■ **Your assignment**: In the listing below, find the line with "Façade antérieure : détail" and the line with "Taller de capacitación". Repeat those two lines and all lines between them exactly.

■ **Raw data**:
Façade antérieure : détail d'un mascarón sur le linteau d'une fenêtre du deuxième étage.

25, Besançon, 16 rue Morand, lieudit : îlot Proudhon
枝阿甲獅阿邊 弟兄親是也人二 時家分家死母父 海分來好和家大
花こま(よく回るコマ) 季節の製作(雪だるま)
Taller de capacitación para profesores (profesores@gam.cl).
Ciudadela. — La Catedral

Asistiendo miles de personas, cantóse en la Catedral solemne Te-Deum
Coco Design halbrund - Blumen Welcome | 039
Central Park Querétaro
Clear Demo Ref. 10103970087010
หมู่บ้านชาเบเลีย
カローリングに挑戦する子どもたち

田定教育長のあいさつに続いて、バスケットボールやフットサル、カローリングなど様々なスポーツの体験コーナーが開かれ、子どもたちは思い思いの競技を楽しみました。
==
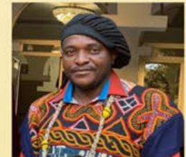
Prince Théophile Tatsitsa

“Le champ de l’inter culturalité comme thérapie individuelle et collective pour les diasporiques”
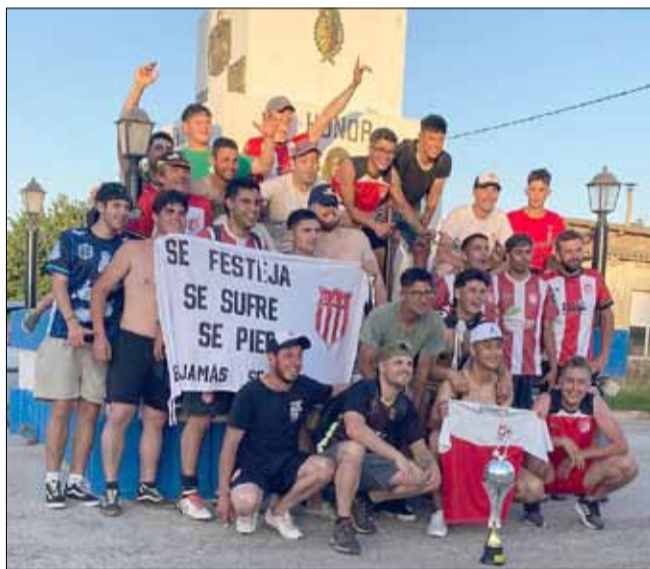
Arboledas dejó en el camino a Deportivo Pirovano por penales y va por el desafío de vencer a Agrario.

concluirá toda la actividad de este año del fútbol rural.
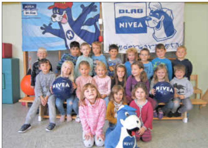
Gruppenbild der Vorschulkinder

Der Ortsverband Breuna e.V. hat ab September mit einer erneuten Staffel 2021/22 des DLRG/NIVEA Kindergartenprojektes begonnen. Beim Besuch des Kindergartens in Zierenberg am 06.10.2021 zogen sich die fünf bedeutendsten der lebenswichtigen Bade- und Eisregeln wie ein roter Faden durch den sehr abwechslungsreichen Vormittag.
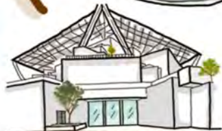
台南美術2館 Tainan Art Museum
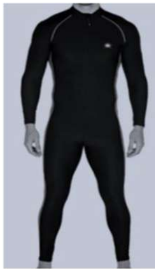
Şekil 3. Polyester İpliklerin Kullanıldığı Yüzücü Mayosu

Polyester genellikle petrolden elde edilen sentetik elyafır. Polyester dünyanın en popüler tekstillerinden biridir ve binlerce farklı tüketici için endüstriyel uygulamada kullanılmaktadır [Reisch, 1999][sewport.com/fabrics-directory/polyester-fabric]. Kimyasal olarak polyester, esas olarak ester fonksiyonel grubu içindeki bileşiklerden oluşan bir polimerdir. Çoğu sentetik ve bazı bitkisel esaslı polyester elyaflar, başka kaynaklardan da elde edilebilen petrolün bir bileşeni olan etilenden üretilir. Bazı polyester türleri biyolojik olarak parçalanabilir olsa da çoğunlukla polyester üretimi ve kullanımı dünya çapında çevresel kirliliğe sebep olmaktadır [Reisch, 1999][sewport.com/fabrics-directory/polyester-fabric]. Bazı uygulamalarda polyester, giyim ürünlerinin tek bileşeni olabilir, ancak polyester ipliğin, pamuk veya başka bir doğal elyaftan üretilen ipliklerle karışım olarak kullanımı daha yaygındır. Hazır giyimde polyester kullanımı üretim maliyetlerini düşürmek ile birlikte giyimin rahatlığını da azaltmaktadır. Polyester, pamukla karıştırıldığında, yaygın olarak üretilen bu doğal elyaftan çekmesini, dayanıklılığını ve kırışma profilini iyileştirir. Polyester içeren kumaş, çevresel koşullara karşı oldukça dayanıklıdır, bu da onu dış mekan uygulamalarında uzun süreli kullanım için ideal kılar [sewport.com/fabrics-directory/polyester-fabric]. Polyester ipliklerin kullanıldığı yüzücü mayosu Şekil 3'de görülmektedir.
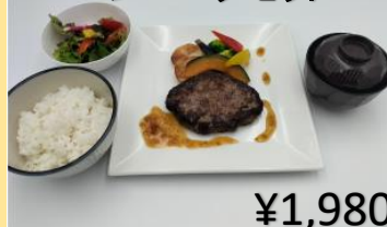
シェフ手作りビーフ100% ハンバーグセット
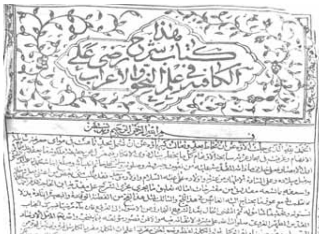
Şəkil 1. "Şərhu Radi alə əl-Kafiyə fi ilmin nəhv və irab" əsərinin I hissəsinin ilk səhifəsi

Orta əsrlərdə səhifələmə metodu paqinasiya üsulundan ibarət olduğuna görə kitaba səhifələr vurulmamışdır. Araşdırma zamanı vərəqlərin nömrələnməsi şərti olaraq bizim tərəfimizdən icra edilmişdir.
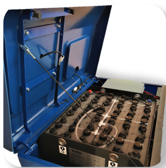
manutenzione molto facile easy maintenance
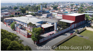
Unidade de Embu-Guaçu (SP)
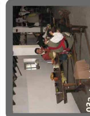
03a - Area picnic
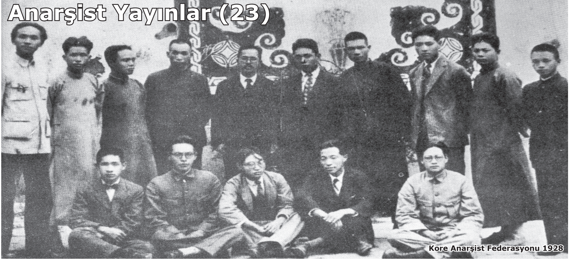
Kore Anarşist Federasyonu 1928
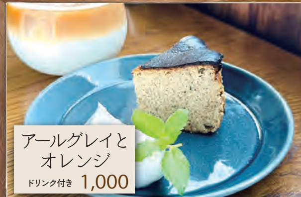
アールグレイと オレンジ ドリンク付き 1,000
...
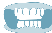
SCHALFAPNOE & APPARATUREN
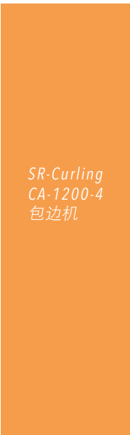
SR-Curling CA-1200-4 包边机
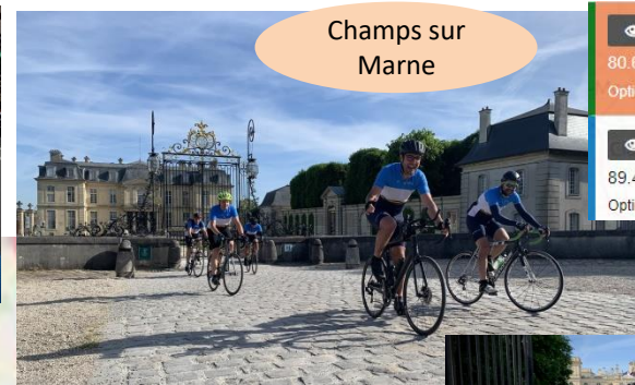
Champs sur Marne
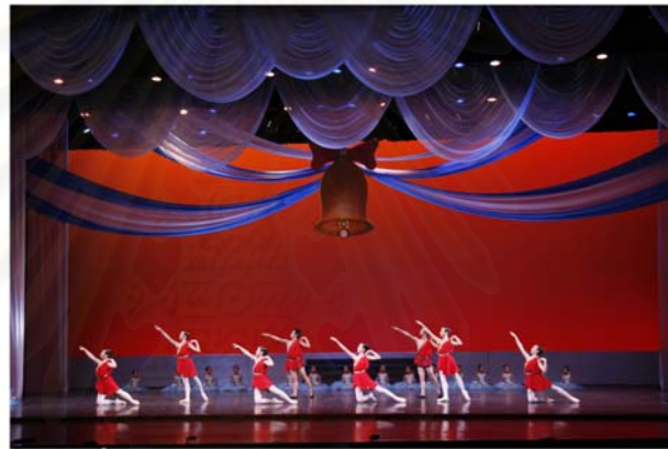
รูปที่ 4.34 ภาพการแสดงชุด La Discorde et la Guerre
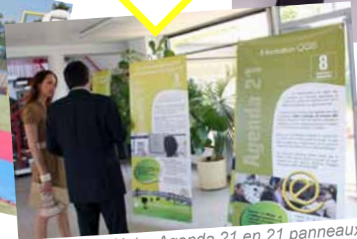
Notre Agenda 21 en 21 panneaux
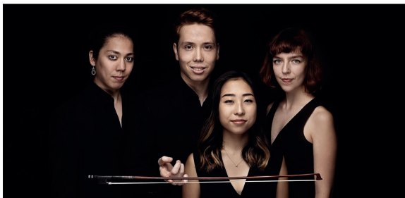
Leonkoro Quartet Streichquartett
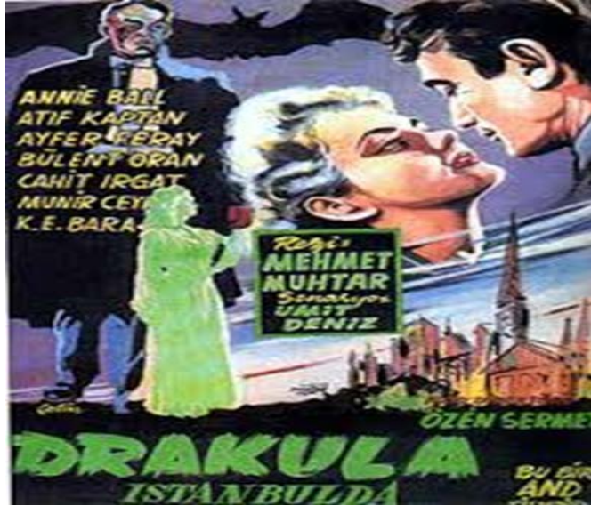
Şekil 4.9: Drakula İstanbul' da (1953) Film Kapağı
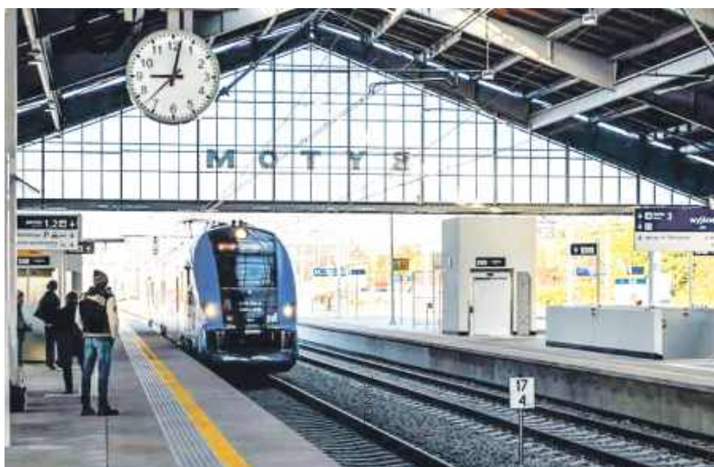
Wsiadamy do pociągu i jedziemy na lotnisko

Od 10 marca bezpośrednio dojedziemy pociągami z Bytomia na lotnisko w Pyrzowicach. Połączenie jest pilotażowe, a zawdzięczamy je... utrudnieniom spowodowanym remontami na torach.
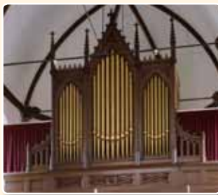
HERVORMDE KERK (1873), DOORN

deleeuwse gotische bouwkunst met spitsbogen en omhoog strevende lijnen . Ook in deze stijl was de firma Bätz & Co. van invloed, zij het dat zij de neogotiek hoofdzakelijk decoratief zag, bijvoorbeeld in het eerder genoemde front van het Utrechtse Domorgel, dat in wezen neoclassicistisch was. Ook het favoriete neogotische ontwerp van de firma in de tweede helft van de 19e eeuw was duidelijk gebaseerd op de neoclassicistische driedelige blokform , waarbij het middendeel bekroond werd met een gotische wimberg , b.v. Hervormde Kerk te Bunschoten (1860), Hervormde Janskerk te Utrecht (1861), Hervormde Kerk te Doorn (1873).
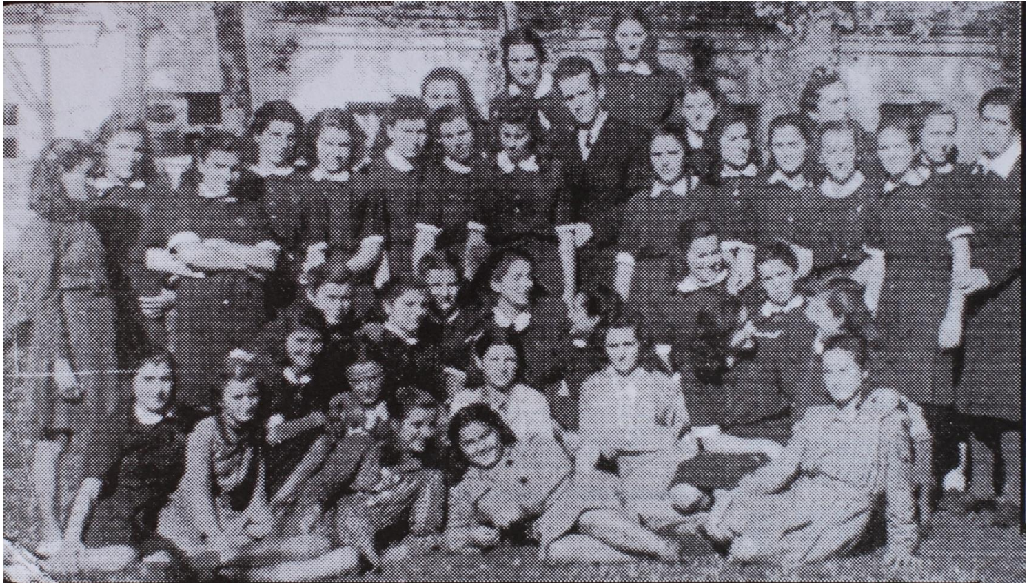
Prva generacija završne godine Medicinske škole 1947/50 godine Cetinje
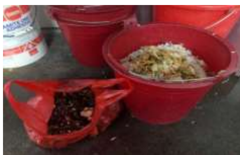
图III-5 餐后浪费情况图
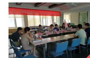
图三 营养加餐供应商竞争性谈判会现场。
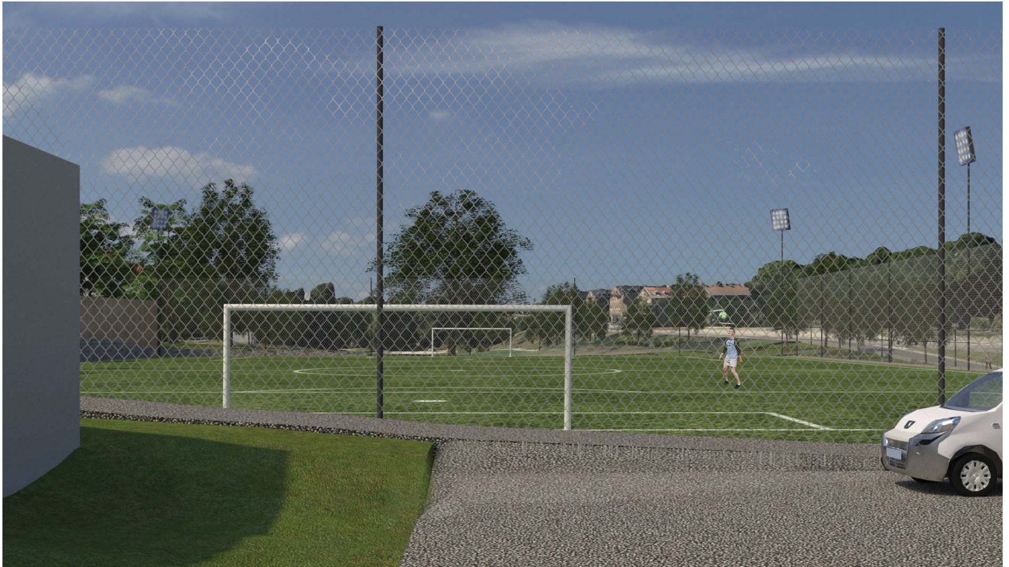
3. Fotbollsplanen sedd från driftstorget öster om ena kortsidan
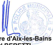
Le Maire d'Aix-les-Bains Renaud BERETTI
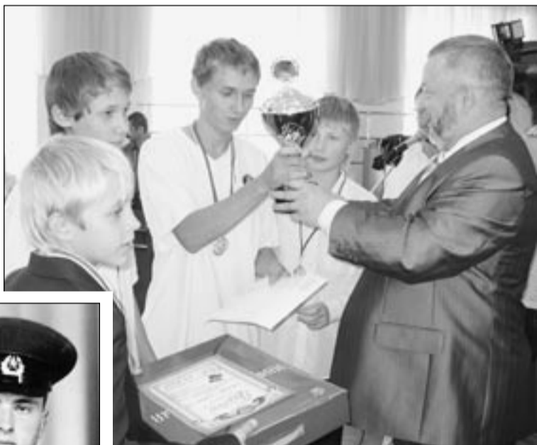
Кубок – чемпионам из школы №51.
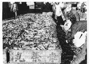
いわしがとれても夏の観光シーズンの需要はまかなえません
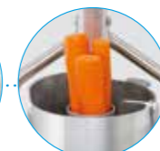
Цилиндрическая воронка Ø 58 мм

■ **Response to this task**:
Façade antérieure : détail d'un mascarón sur le linteau d'une fenêtre du deuxième étage.

25, Besançon, 16 rue Morand, lieudit : îlot Proudhon
枝阿甲獅阿邊 弟兄親是也人二 時家分家死母父 海分來好和家大
花こま(よく回るコマ) 季節の製作(雪だるま)
Taller de capacitación para profesores (profesores@gam.cl).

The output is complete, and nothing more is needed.